:: Dataset extract ::

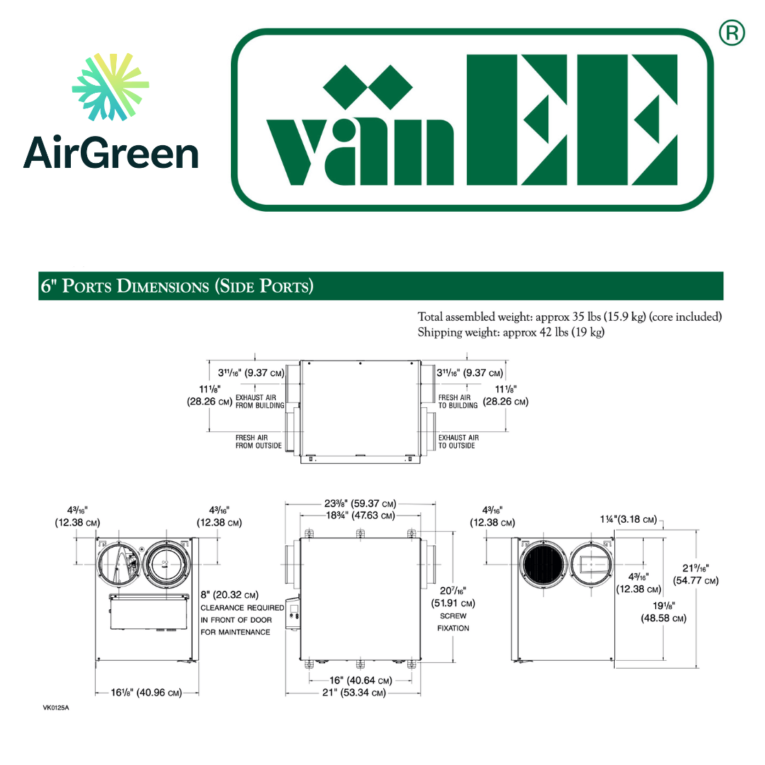 Avec une garantie de 5 ans sur les pièces et une garantie à vie limitée sur le noyau ou la roue thermique, AirGreen se tient fermement derrière la série AI de vänEE. Bien qu'elle ne soit pas qualifiée ENERGY STAR©, ses performances et sa certification HVI parlent d'elles-mêmes en termes de qualité et d'efficacité.
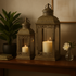 •This indoor outdoor candle lantern set is intricately crafted from sturdy metal and recycled glass material to ensure durability and elegance
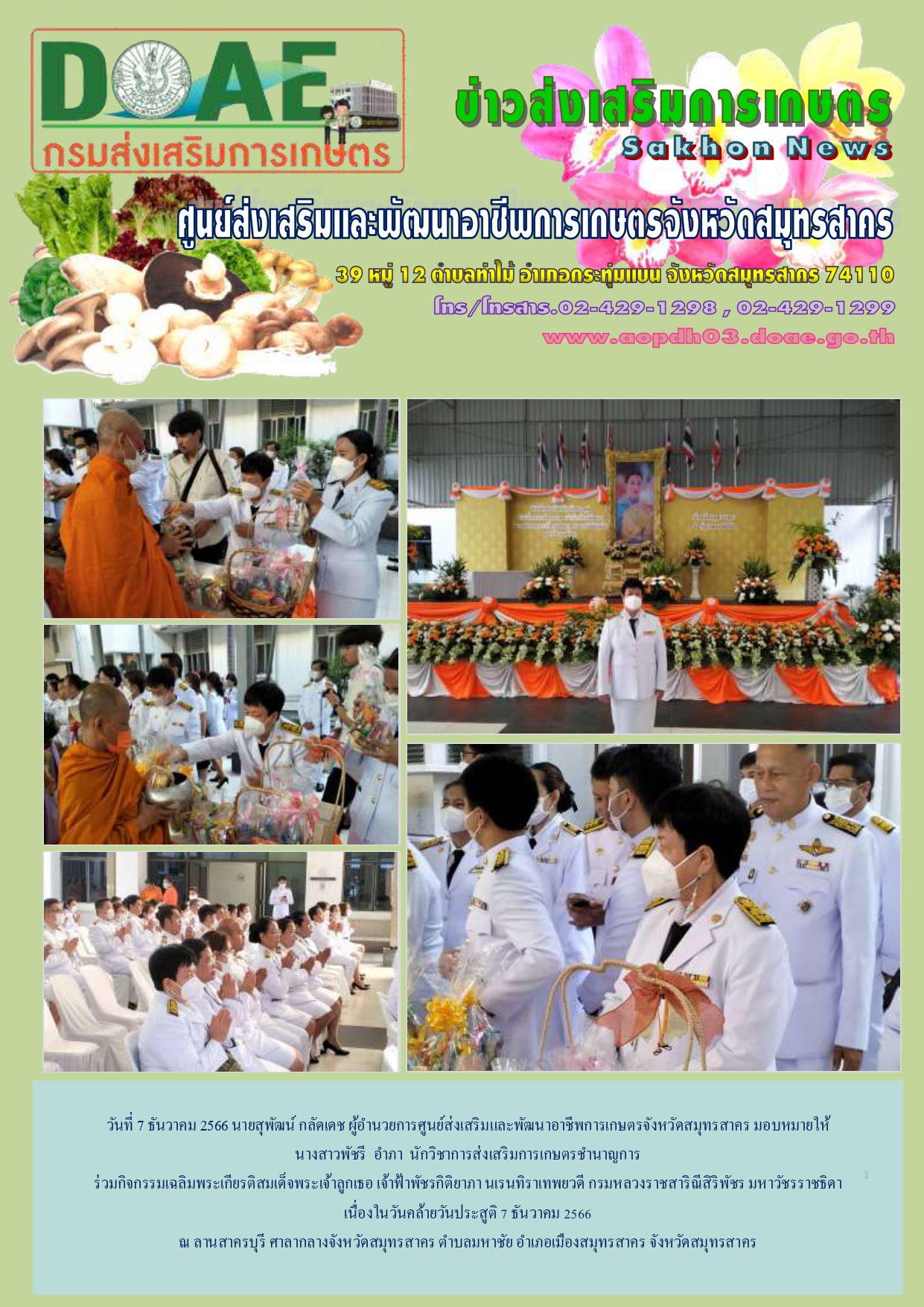 วันที่ 7 ธค. 66 นายสุพัฒน์ กลัดเดช ผู้อำนวยการศูนย์ฯ มอบหมายให้ นส.พัชรี อำภา นวส.ชำนาญการ ร่วมกิจกรรมเฉลิมพระเกียรติสมเด็จพระเจ้าลูกเธอ เจ้าฟ้าพัชรกิติยาภา นเรนทิราเทพยวดี กรมหลวงราชสาริณีสิริพัชร มหาวัชรราชธิดา เนื่องในวันคล้ายวันประสูติ 7 ธันวาคม 2566
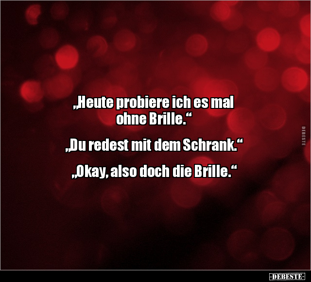 „Heute probiere ich es mal ohne Brille.“ „Du redest mit dem Schrank.“ „Okay, also doch die Brille.“
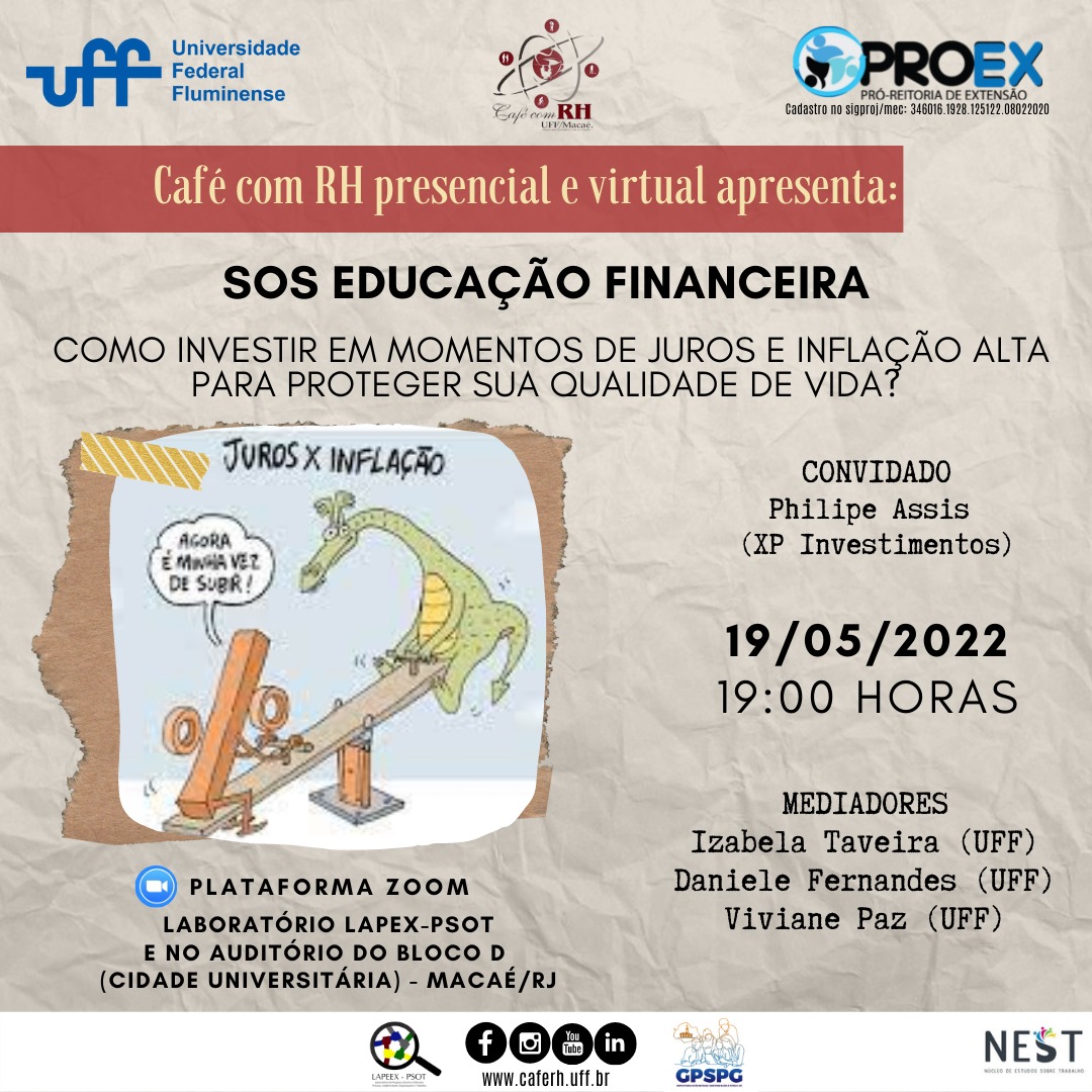 Nosso Próximo SOS – Educação Financeira irá abordar um tema super que tem nos desesperado atualmente. Juros e inflação alta e o caos na nossa vida como um todo. Como lidar com isto? Como podemos minimizar os impactos deste contexto na nossa qualidade de vida? Onde investir? Que despesas desnecessárias podemos eliminar? Menos é mais! Vamos focar nosso consumo naquilo que realmente é importante e que faz sentido para nossas vidas? Será que consumindo de modo mais sustentável a qualidade de vida de toda a coletividade não poderia ser bem melhor? Estas entre outras questões serão o tema desta roda de conversa. Esse evento acontecerá tanto na modalidade online quanto presencial. É necessário se inscrever através do link http://www.extensao.uff.br/inscricao/?curso=5175 para ambas modalidades. E para quem desejar comparecer ao evento presencialmente além de se inscrever no link citado, por favor, envie um email para caferhuffmacaeeventos@gmail.com para realizar sua reserva, uma vez que as vagas no auditório são limitadas.
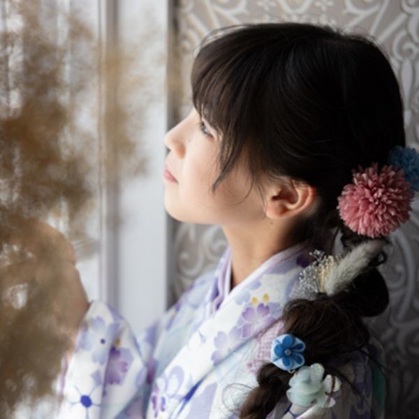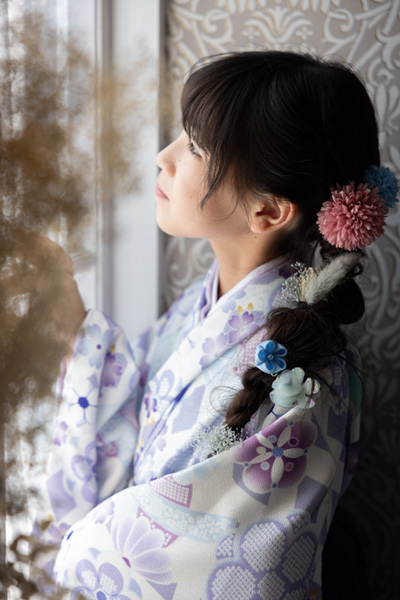 着付け・ヘアメイク・撮影をその場で全てしていただけるので、集中の続かない子供の機嫌が良いうちに写真撮影を済ませられるのも嬉しいポイントです。
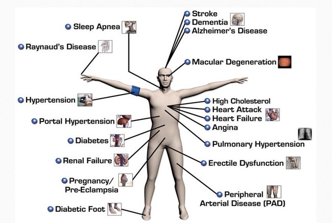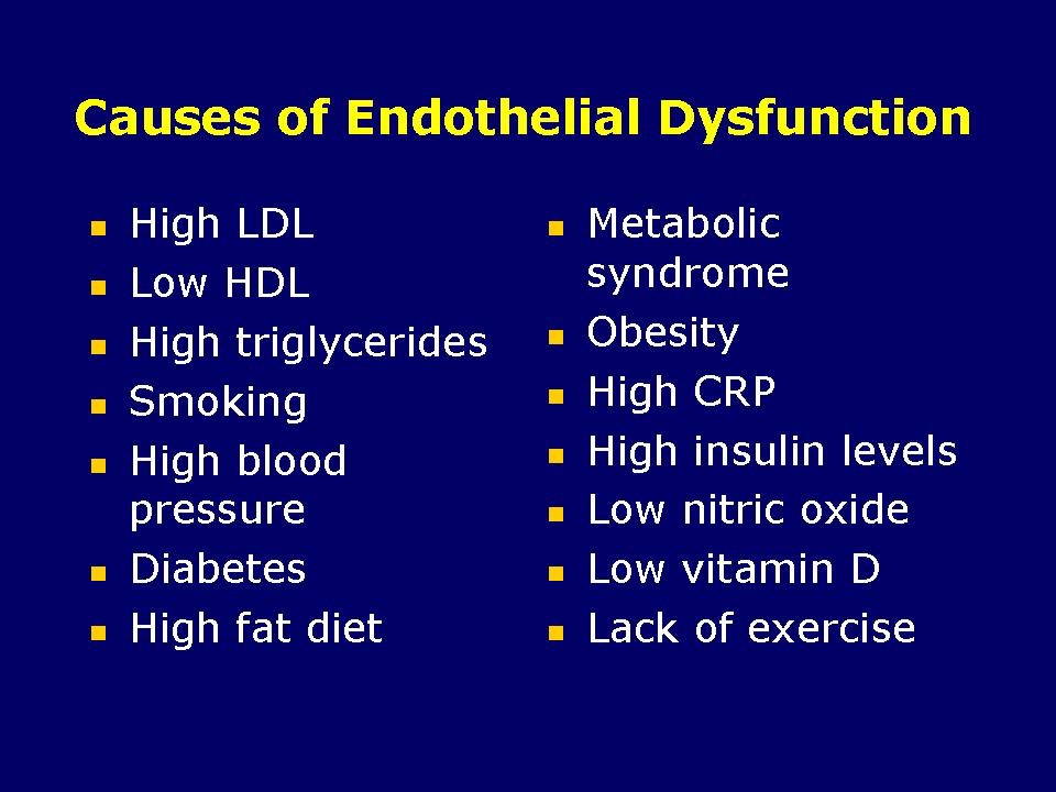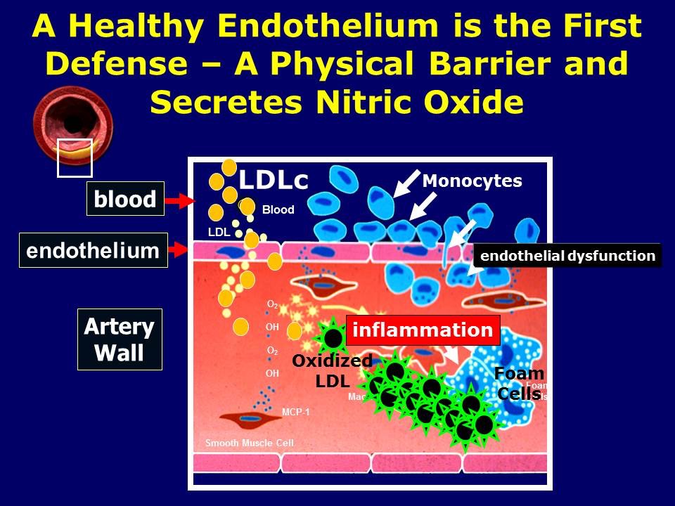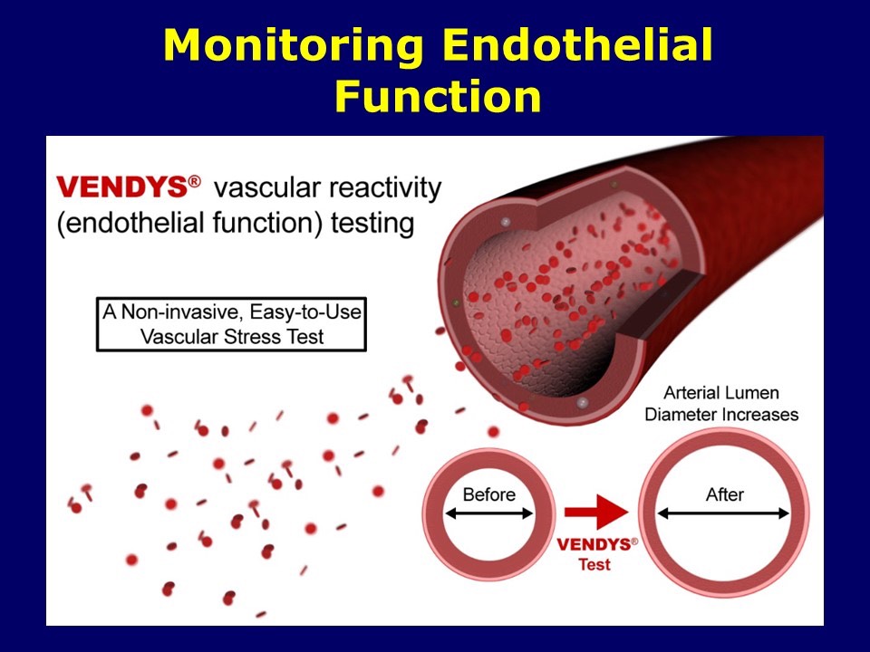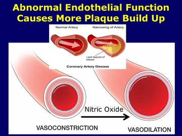Atherosclerosis (plague build up) and risk factors impair the ability of the endothelium to secrete nitric oxide. Reduced availability of nitric oxide causes the blood vessels to become slow to dilate and slow to increase blood flow, even become constricted instead. This response can be measured. A healthy endothelium is the first defense against plaque build-up.

:::

[Exercise brief]
Word-for-word output of every record is needed, with images omitted.

[Exercise result]
 Avec une garantie de 5 ans sur les pièces et une garantie à vie limitée sur le noyau ou la roue thermique, AirGreen se tient fermement derrière la série AI de vänEE. Bien qu'elle ne soit pas qualifiée ENERGY STAR©, ses performances et sa certification HVI parlent d'elles-mêmes en termes de qualité et d'efficacité.
 •This indoor outdoor candle lantern set is intricately crafted from sturdy metal and recycled glass material to ensure durability and elegance
 วันที่ 7 ธค. 66 นายสุพัฒน์ กลัดเดช ผู้อำนวยการศูนย์ฯ มอบหมายให้ นส.พัชรี อำภา นวส.ชำนาญการ ร่วมกิจกรรมเฉลิมพระเกียรติสมเด็จพระเจ้าลูกเธอ เจ้าฟ้าพัชรกิติยาภา นเรนทิราเทพยวดี กรมหลวงราชสาริณีสิริพัชร มหาวัชรราชธิดา เนื่องในวันคล้ายวันประสูติ 7 ธันวาคม 2566
 „Heute probiere ich es mal ohne Brille.“ „Du redest mit dem Schrank.“ „Okay, also doch die Brille.“
 Nosso Próximo SOS – Educação Financeira irá abordar um tema super que tem nos desesperado atualmente. Juros e inflação alta e o caos na nossa vida como um todo. Como lidar com isto? Como podemos minimizar os impactos deste contexto na nossa qualidade de vida? Onde investir? Que despesas desnecessárias podemos eliminar? Menos é mais! Vamos focar nosso consumo naquilo que realmente é importante e que faz sentido para nossas vidas? Será que consumindo de modo mais sustentável a qualidade de vida de toda a coletividade não poderia ser bem melhor? Estas entre outras questões serão o tema desta roda de conversa. Esse evento acontecerá tanto na modalidade online quanto presencial. É necessário se inscrever através do link http://www.extensao.uff.br/inscricao/?curso=5175 para ambas modalidades. E para quem desejar comparecer ao evento presencialmente além de se inscrever no link citado, por favor, envie um email para caferhuffmacaeeventos@gmail.com para realizar sua reserva, uma vez que as vagas no auditório são limitadas.
 着付け・ヘアメイク・撮影をその場で全てしていただけるので、集中の続かない子供の機嫌が良いうちに写真撮影を済ませられるのも嬉しいポイントです。
Atherosclerosis (plague build up) and risk factors impair the ability of the endothelium to secrete nitric oxide. Reduced availability of nitric oxide causes the blood vessels to become slow to dilate and slow to increase blood flow, even become constricted instead. This response can be measured. A healthy endothelium is the first defense against plaque build-up.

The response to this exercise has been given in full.